Gone are the days when parties entered into contracts on handshake terms with people they personally knew.

With advancing technologies – and being in the middle of a pandemic – enabling documents to be electronically executed how do you know that the document you have just signed will be legally binding on the other party?

Agreements vs deeds

In many ways, there is little distinction between the look and feel of agreements and deeds.

For an agreement to be legally binding on a party, it must satisfy certain criteria:

  • There must be an offer, acceptance and consideration exchanged between the parties;
  • The parties must have the legal capacity to enter into contracts; and
  • The parties must intend for the agreement to be legally binding on them.

The main differences between an agreement and a deed are:

  • Under long-established principles of common law, a deed is required to be in parchment, on paper or on vellum, and signed in wet ink
  • A deed does not require any exchange of consideration between the parties
  • A deed is required to be signed, sealed and delivered, and is binding on a party when these obligations have been satisfied, even if the other party has not yet executed the deed
  • The statute of limitations imposes a much shorter time period for a party to bring an action under an agreement than under a deed. For example, in NSW the statute of limitations for an agreement is six years and for a deed it is 14 years.
  • In NSW, the Conveyancing Act 1919 (NSW) (Conveyancing Act) requires any deed, regardless of whether it affects property, to be attested by at least one witness who is not a party to the deed.

Execution requirements

The Electronic Transactions Act 1999 (Cth) (Cth ETA) and the Electronic Transactions Act 2000 (NSW) (NSW ETA) allow agreements to be signed electronically if the following requirements are met:

  • The method used to electronically sign was reliable for the purpose of the communication;
  • The method used is able to identify the person and indicate the person’s intention to be bound by the agreement; and
  • The recipient consents to the method being used.

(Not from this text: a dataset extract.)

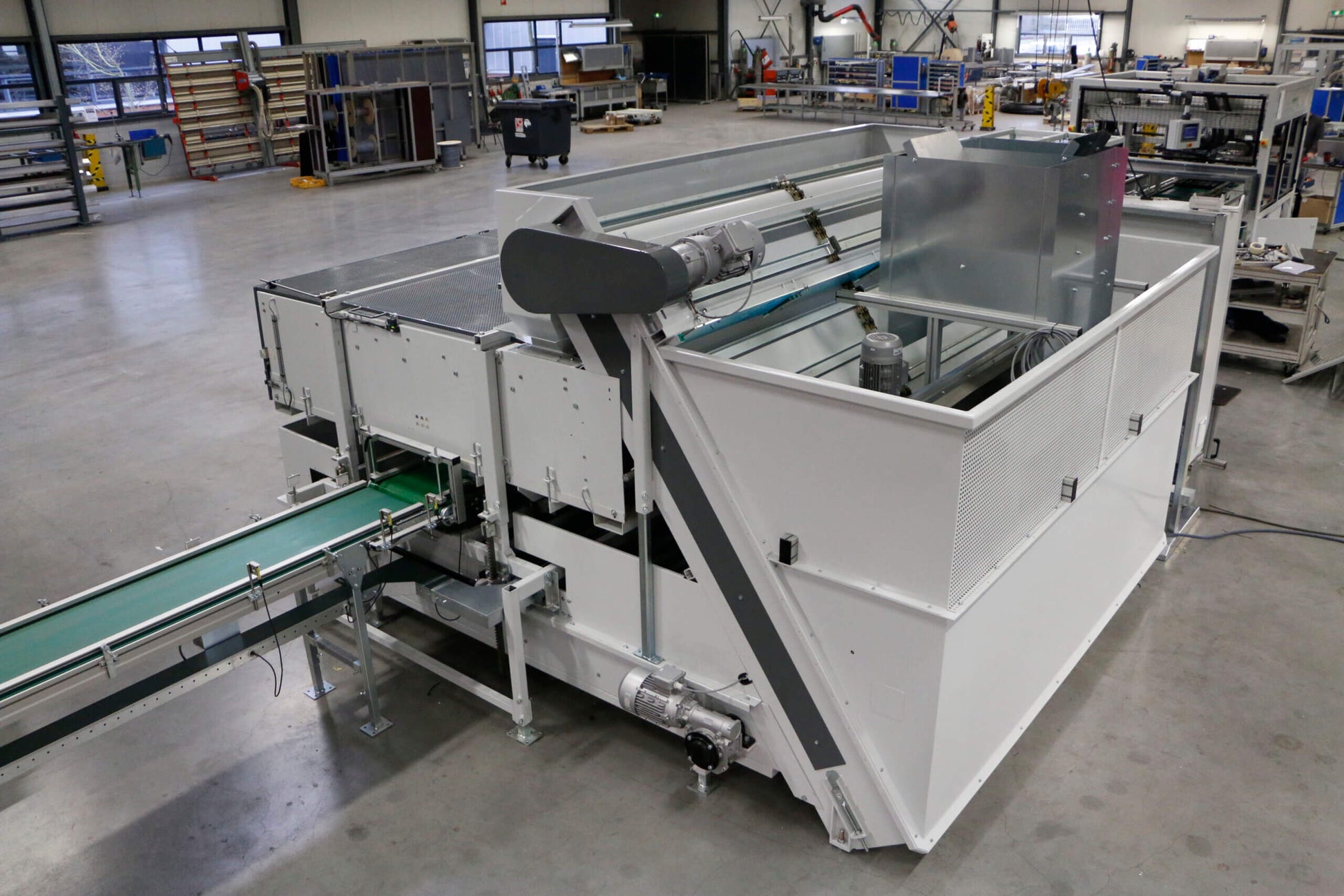 The template filler gives a clean result by first collecting the trays on a conveyor belt, which is then pushed upwards to the template to avoid any spillage. An integrated brush mounted at the filling head cleans the top of the pot. By changing the number of filling cycles, soil compactness can easily be changed. The maximum tray dimensions are 2.720 x 630 x 200 mm. The hopper volume contains 750 litres and is expandable to 1000 litre.

Amendments to the Conveyancing Act in late 2018 also enabled deeds to be electronically created, signed and attested.

For companies, section 127 of the Corporations Act 2001 (Cth) (Corporations Act) specifies a number of ways in which a company may execute an agreement or a deed, with or without a seal. These are:

  • For two directors (or one director and a secretary) to sign or witness the affixing of the seal; or
  • For a proprietary company with a sole director who is also the sole company secretary (or if there is no secretary), that director to sign or witness the affixing of the seal.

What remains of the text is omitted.